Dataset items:
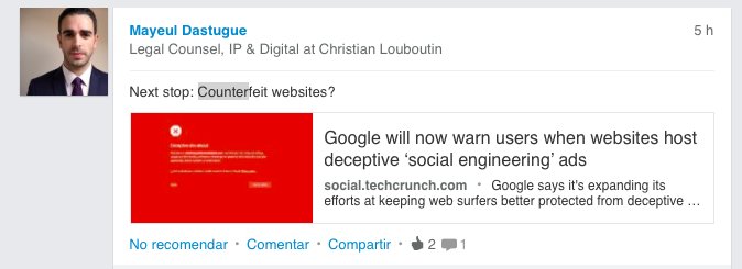 entonces te interesará seguir a la cuenta de twitter desenmascarame (que tuitea automáticamente cada vez que un nuevo sitio web FAKE es detectado y avisa a la marca), o darte de alta en el servicio avisame, donde obtendrás todos los metadatos del sitio web afectando a tu marca.
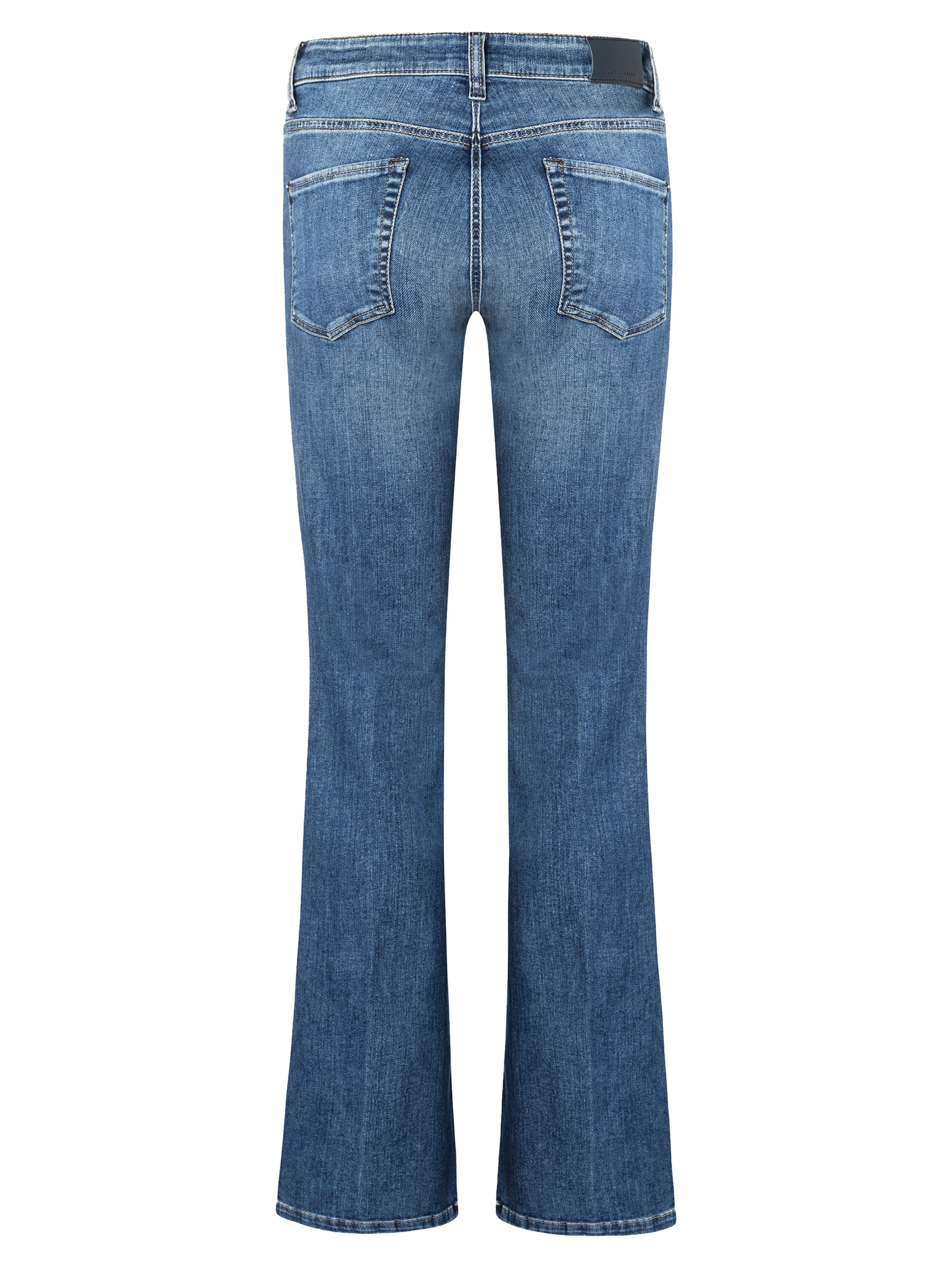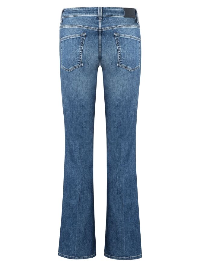 Un jean évasé de Cambio en modèle 5 poches. Le jean présente un effet usé. Les coutures sont de couleur cognac. Ce jean peut être lavé à 30 degrés.
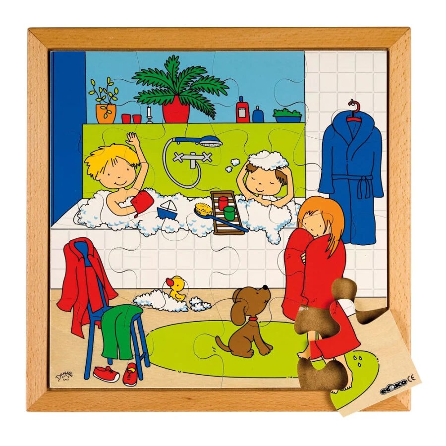 Naast veel puzzelplezier biedt deze puzzel ook veel mogelijkheden om de woordenschat te ontplooien. Deze puzzel is onderdeel van een serie puzzels met de thema’s aankleden, handen wassen, tanden poetsen en in bad.
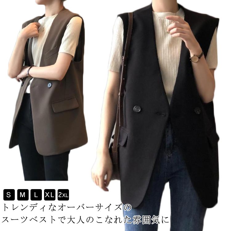 ロングベスト ロング ジレ レディース トップス ベスト 豊富 ブラック ブラウン S M L XL 2XL
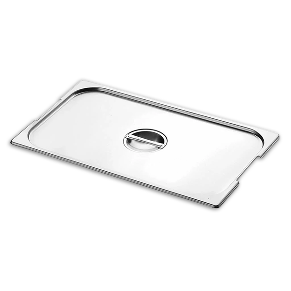 Tampa para cuba gastronômica, fabricada em aço inox, com encaixe perfeito para cubas com alça no padrão GN 1/1, usadas em rechauds, buffets self service, carrinhos térmicos, restaurantes, hotéis e refeitórios.
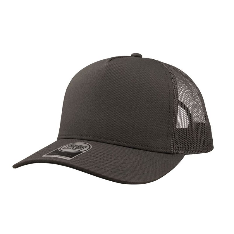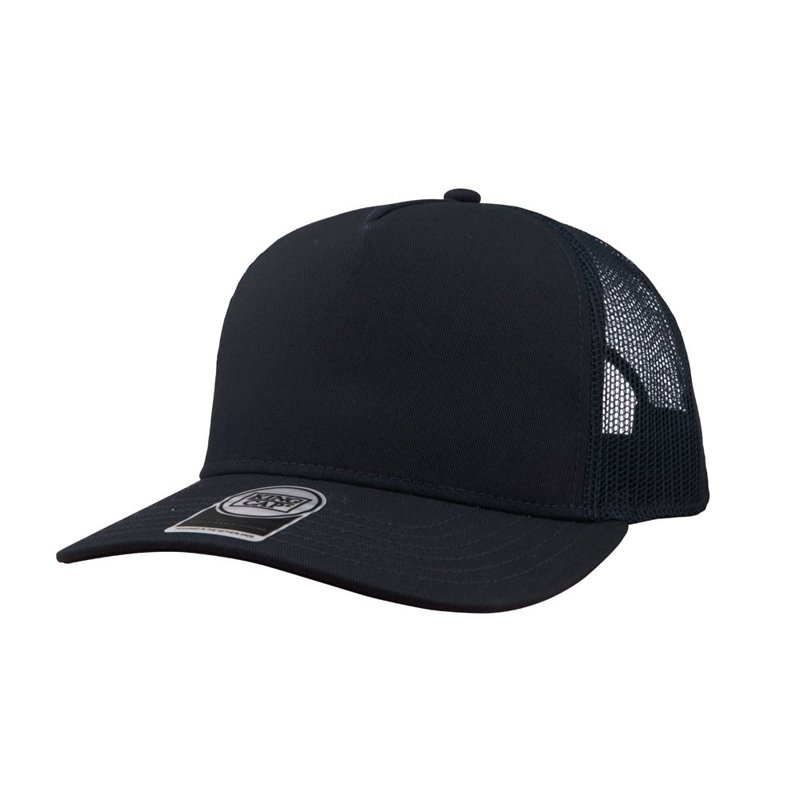 5 panel trucker cap met frontvoering. American profile. Kunststof druksluiting. Uitgevoerd in gerecycled katoen met gerecycled mesh

### Task to carry out
Return the entries verbatim without images.

### Result of the exercise
 entonces te interesará seguir a la cuenta de twitter desenmascarame (que tuitea automáticamente cada vez que un nuevo sitio web FAKE es detectado y avisa a la marca), o darte de alta en el servicio avisame, donde obtendrás todos los metadatos del sitio web afectando a tu marca.
 Un jean évasé de Cambio en modèle 5 poches. Le jean présente un effet usé. Les coutures sont de couleur cognac. Ce jean peut être lavé à 30 degrés.
 Naast veel puzzelplezier biedt deze puzzel ook veel mogelijkheden om de woordenschat te ontplooien. Deze puzzel is onderdeel van een serie puzzels met de thema’s aankleden, handen wassen, tanden poetsen en in bad.
 ロングベスト ロング ジレ レディース トップス ベスト 豊富 ブラック ブラウン S M L XL 2XL
 Tampa para cuba gastronômica, fabricada em aço inox, com encaixe perfeito para cubas com alça no padrão GN 1/1, usadas em rechauds, buffets self service, carrinhos térmicos, restaurantes, hotéis e refeitórios.
 5 panel trucker cap met frontvoering. American profile. Kunststof druksluiting. Uitgevoerd in gerecycled katoen met gerecycled mesh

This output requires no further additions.